- **EXERCISE BRIEF**
Could the data below be printed out exactly, with the pictures left out?

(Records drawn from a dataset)
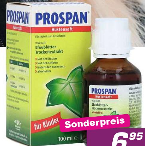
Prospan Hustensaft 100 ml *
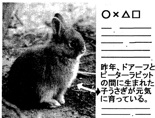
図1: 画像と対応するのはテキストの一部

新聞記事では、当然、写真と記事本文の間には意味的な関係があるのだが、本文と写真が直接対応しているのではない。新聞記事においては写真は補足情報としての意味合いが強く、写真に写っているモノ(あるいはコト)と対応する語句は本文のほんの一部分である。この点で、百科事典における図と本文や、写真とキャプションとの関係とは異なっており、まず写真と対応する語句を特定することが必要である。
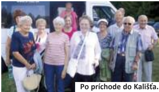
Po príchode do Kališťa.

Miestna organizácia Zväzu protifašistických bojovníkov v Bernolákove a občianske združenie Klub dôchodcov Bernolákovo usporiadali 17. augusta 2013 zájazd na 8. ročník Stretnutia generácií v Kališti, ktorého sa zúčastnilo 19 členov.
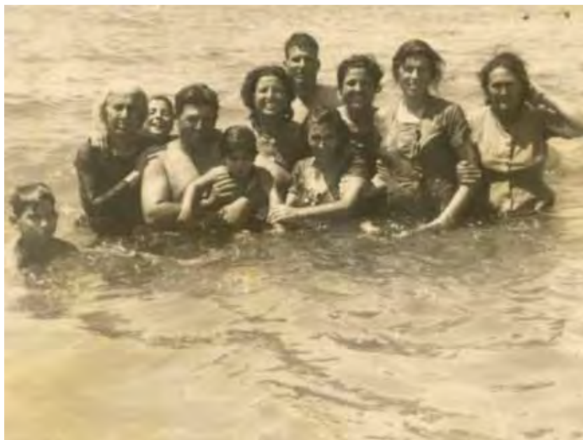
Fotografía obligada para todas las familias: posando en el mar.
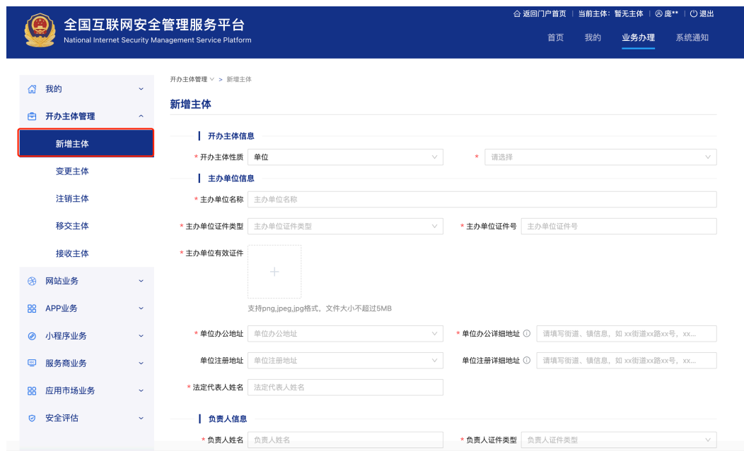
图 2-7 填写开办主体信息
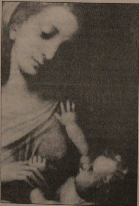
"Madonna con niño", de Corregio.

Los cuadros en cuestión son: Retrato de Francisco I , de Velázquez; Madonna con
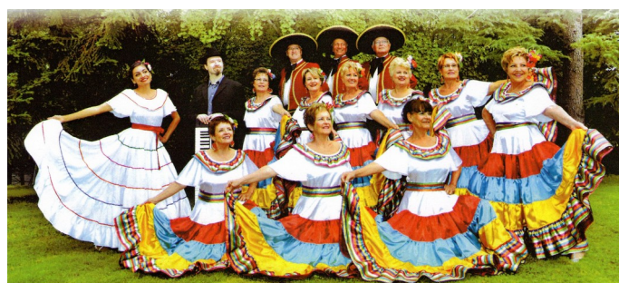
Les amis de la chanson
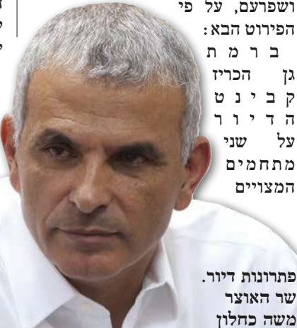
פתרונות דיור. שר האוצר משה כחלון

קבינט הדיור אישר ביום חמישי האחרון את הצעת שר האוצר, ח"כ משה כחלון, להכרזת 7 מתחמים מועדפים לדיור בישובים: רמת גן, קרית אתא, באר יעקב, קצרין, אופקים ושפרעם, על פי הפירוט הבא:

- **RESULT FOR THIS TASK**
Prospan Hustensaft 100 ml *
図1: 画像と対応するのはテキストの一部

新聞記事では、当然、写真と記事本文の間には意味的な関係があるのだが、本文と写真が直接対応しているのではない。新聞記事においては写真は補足情報としての意味合いが強く、写真に写っているモノ(あるいはコト)と対応する語句は本文のほんの一部分である。この点で、百科事典における図と本文や、写真とキャプションとの関係とは異なっており、まず写真と対応する語句を特定することが必要である。
Po príchode do Kališťa.

Miestna organizácia Zväzu protifašistických bojovníkov v Bernolákove a občianske združenie Klub dôchodcov Bernolákovo usporiadali 17. augusta 2013 zájazd na 8. ročník Stretnutia generácií v Kališti, ktorého sa zúčastnilo 19 členov.
Fotografía obligada para todas las familias: posando en el mar.
图 2-7 填写开办主体信息
"Madonna con niño", de Corregio.

Los cuadros en cuestión son: Retrato de Francisco I , de Velázquez; Madonna con
Les amis de la chanson
פתרונות דיור. שר האוצר משה כחלון

קבינט הדיור אישר ביום חמישי האחרון את הצעת שר האוצר, ח"כ משה כחלון, להכרזת 7 מתחמים מועדפים לדיור בישובים: רמת גן, קרית אתא, באר יעקב, קצרין, אופקים ושפרעם, על פי הפירוט הבא:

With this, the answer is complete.